▶ **Data section**

===

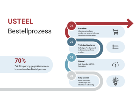 Dank unserer smarten Software und dem intuitiven Bestellprozess bietet dir USTEEL eine enorme Zeitersparnis bei der Bestellung deiner Blechteile. Mit USTEEL fällt das Erstellen von Zeichnungen und Stücklisten weg. Du benötigst nur das CAD-Modell deines Blechteils oder der kompletten Baugruppe. Unsere Software erkennt automatisch alle produzierbaren Komponenten und gibt dir direktes Feedback zu problematischen Teilen. Du konfigurierst ganz einfach deine Blechteile und erhältst in Echtzeit einen Preis.
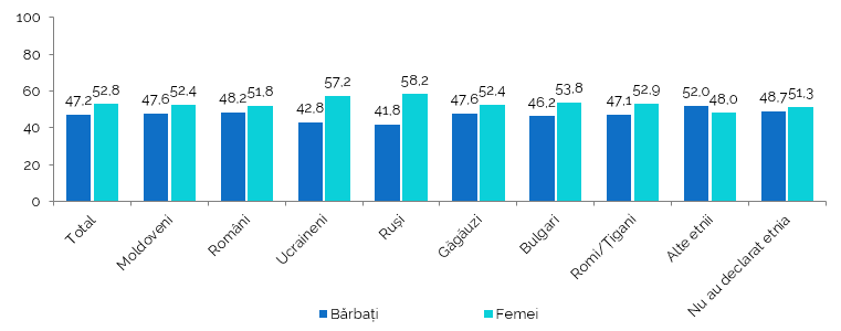 Structura etnică în funcție de structura pe sexe a populației prezintă preponderența femeilor la toate etniile, cu cea mai mare pondere la populația de etnie rusă (58,2%) și ucraineană (57,2%). Excepție constituie categoria însumată de alte etnii, unde ponderea bărbaților este mai mare (52,0%) decât cea a femeilor (48,0%) (Figura 3, Tabelul 5.3 din Anexă).
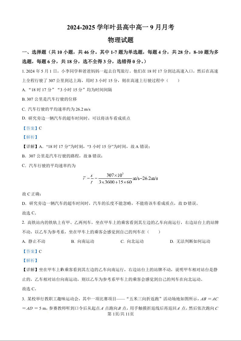 河南省平顶山市2024-2025学年叶县高中高一9月月考物理(解析版)
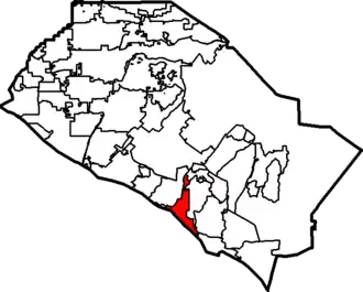 | Fläche: | 25,2 km2 (ca. 10 mi²) davon 22,9 km2 (ca. 9 mi²) Land | ||

===

▶ **Exercise objective**
Restate the whole listing above exactly, please, omitting every image.

▶ **Answer for the task**
 Dank unserer smarten Software und dem intuitiven Bestellprozess bietet dir USTEEL eine enorme Zeitersparnis bei der Bestellung deiner Blechteile. Mit USTEEL fällt das Erstellen von Zeichnungen und Stücklisten weg. Du benötigst nur das CAD-Modell deines Blechteils oder der kompletten Baugruppe. Unsere Software erkennt automatisch alle produzierbaren Komponenten und gibt dir direktes Feedback zu problematischen Teilen. Du konfigurierst ganz einfach deine Blechteile und erhältst in Echtzeit einen Preis.
 Structura etnică în funcție de structura pe sexe a populației prezintă preponderența femeilor la toate etniile, cu cea mai mare pondere la populația de etnie rusă (58,2%) și ucraineană (57,2%). Excepție constituie categoria însumată de alte etnii, unde ponderea bărbaților este mai mare (52,0%) decât cea a femeilor (48,0%) (Figura 3, Tabelul 5.3 din Anexă).
 河南省平顶山市2024-2025学年叶县高中高一9月月考物理(解析版)
 | Fläche: | 25,2 km2 (ca. 10 mi²) davon 22,9 km2 (ca. 9 mi²) Land | ||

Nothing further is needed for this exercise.